WHAT IS BEING ASKED:
Using the data below, print exactly the line with "Огород 20 соток.", the line with "(Yellow) Unbreakable Dinnerware", and every line between them, but none of the pictures.

RECORDS PROVIDED:
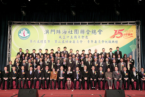 澳門珠海社團聯合總會慶祝成立十五周年暨第六屆理監事就職、第二屆婦委會及青委會理監事就職典禮,昨晚假漁人碼頭會展中心宴會廳舉行;珠海市委常委兼統戰部長陳洪輝勉勵該會加強團結,促進珠澳多方合作。活動筵開一百二十多席,共超過一千四百人參與。
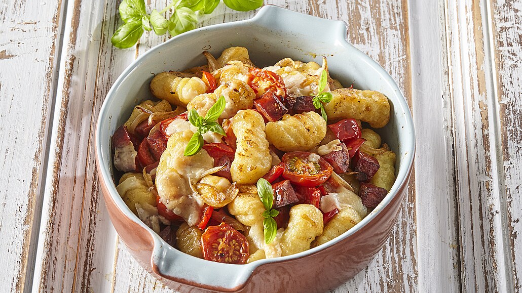 - Vše vložíme do zapékací mísy a posypeme nastrouhaným sýrem. Pečeme ve vyhřáté troubě při 190 °C 10-15 minut. Dozdobíme bazalkou a podáváme.
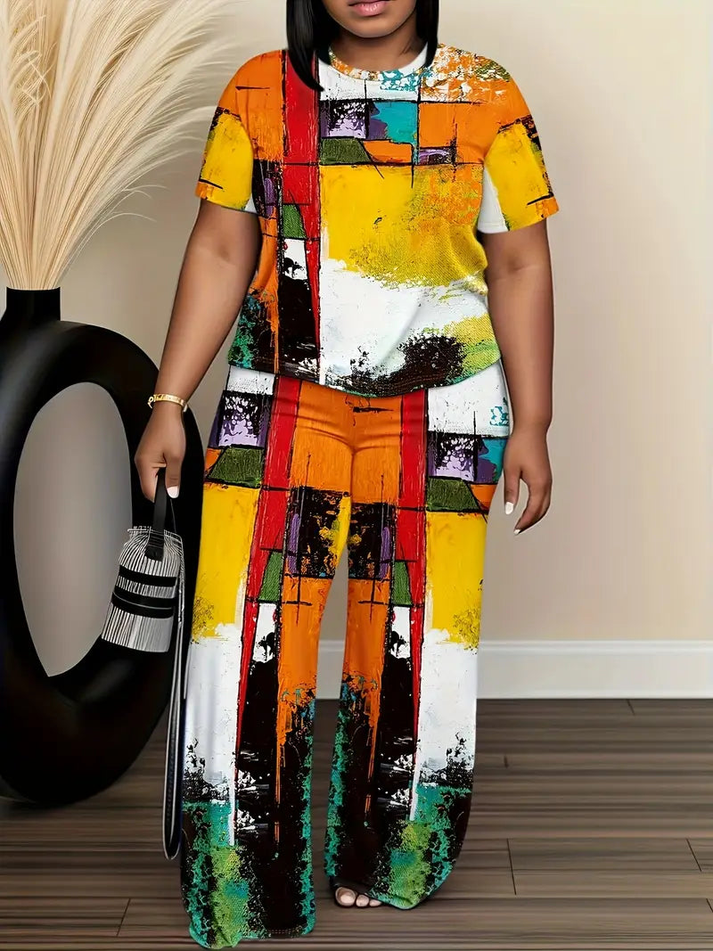 Plus Size, Plus Size Loose Fit Set, Colorful Multi-Color Print. Short Sleeve Top and Long Pants Casual Outfit
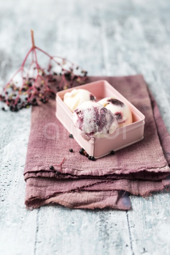 Vanilla ice cream with raspberry sauce
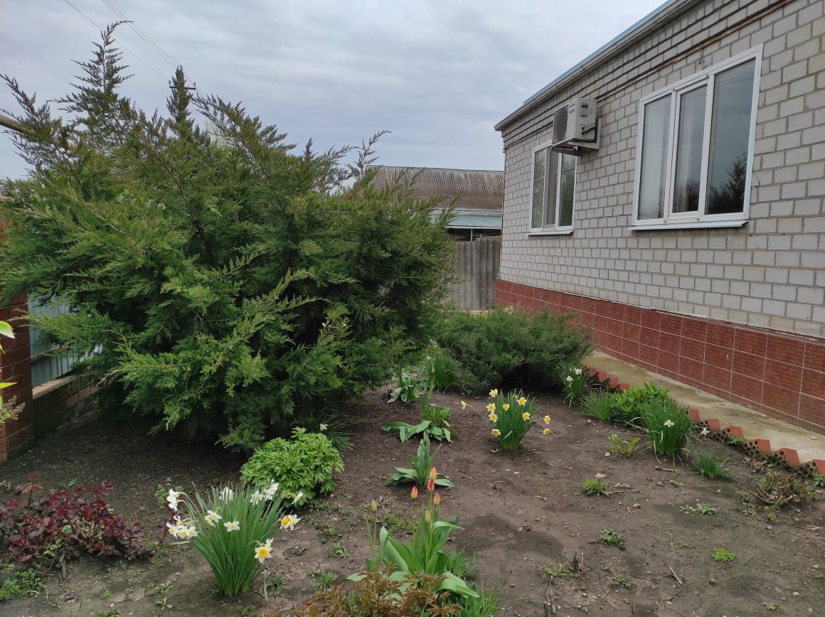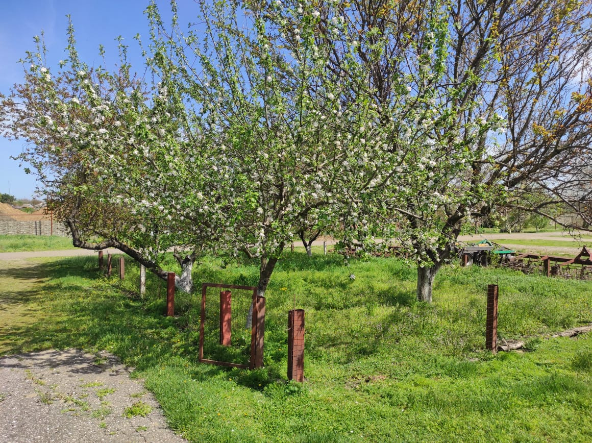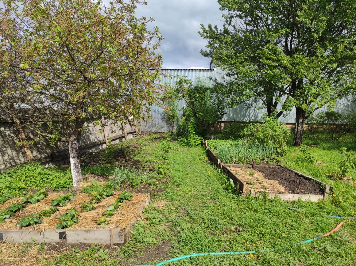 Огород 20 соток. Есть большой сад с фруктовыми деревьями. Яблони, вишни, черешни, абрикос, груши, слива, виноград, айва. Так же много клубники, малины, смородины.
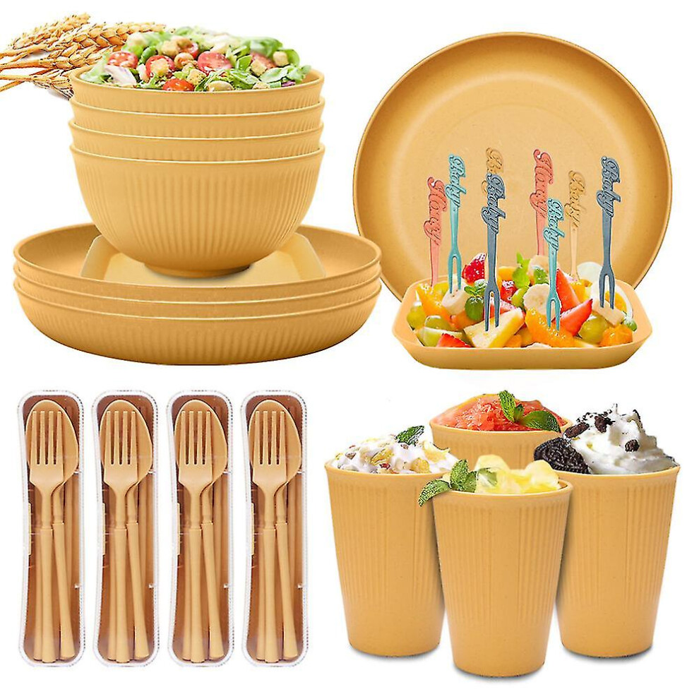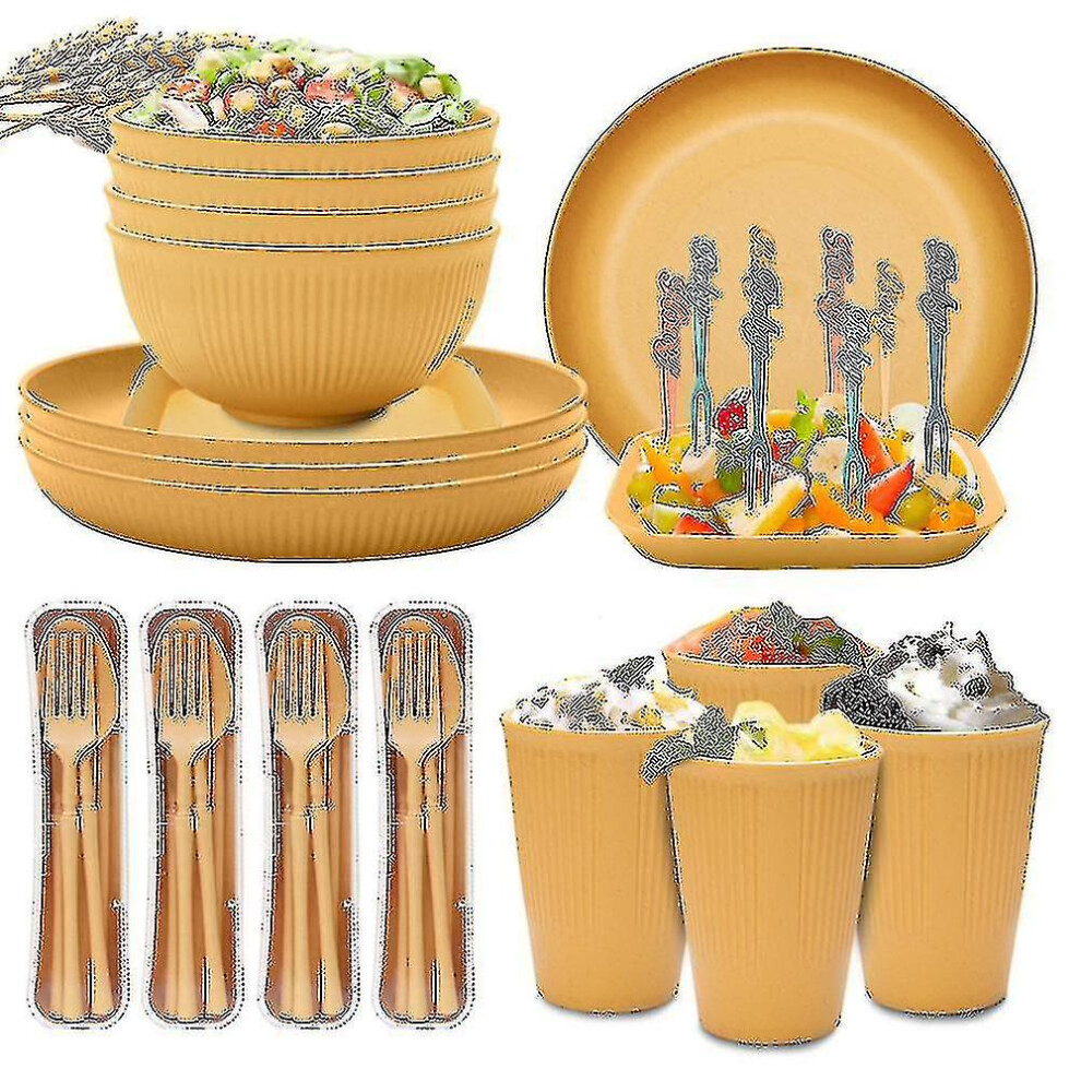 (Yellow) Unbreakable Dinnerware Sets Camping Plates And Bowls Set Plastic Picnic Dinner Sets
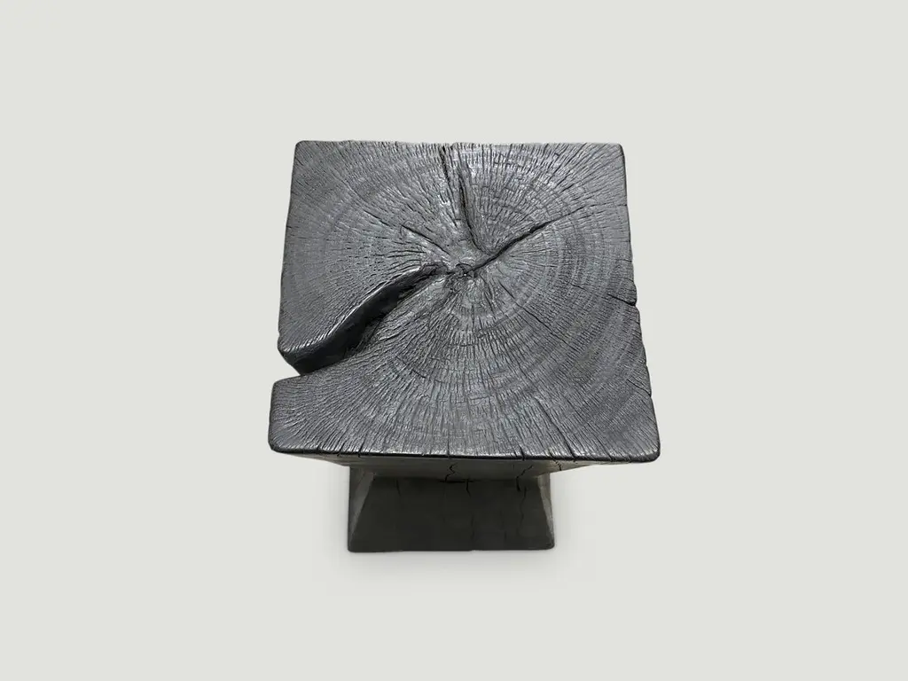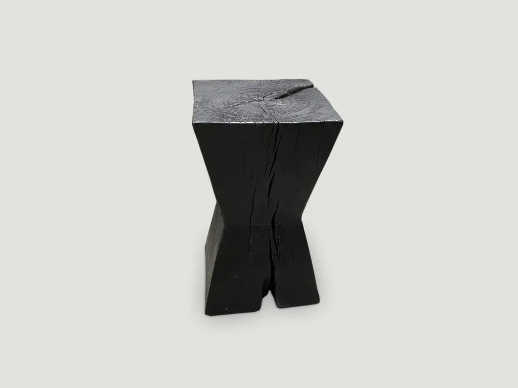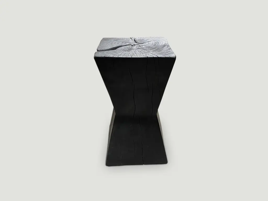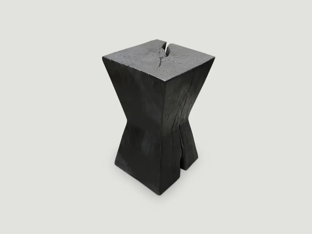 Reclaimed hourglass shaped tamarind wood side table. Hand carved whilst respecting the natural organic wood. Burnt, sanded and sealed. We have a collection. The price and size reflect the one shown. The Triple Burnt Collection represents a unique line of modern furniture made from solid reclaimed wood. Burnt three times to produce a rich, charcoal finish with impressive depth-a result unachievable using standard stains and finishes. A perfect combination of modern and organic.Andrianna Shamaris. The Leader In Modern Organic Design.

RESULT:
 Огород 20 соток. Есть большой сад с фруктовыми деревьями. Яблони, вишни, черешни, абрикос, груши, слива, виноград, айва. Так же много клубники, малины, смородины.
 (Yellow) Unbreakable Dinnerware Sets Camping Plates And Bowls Set Plastic Picnic Dinner Sets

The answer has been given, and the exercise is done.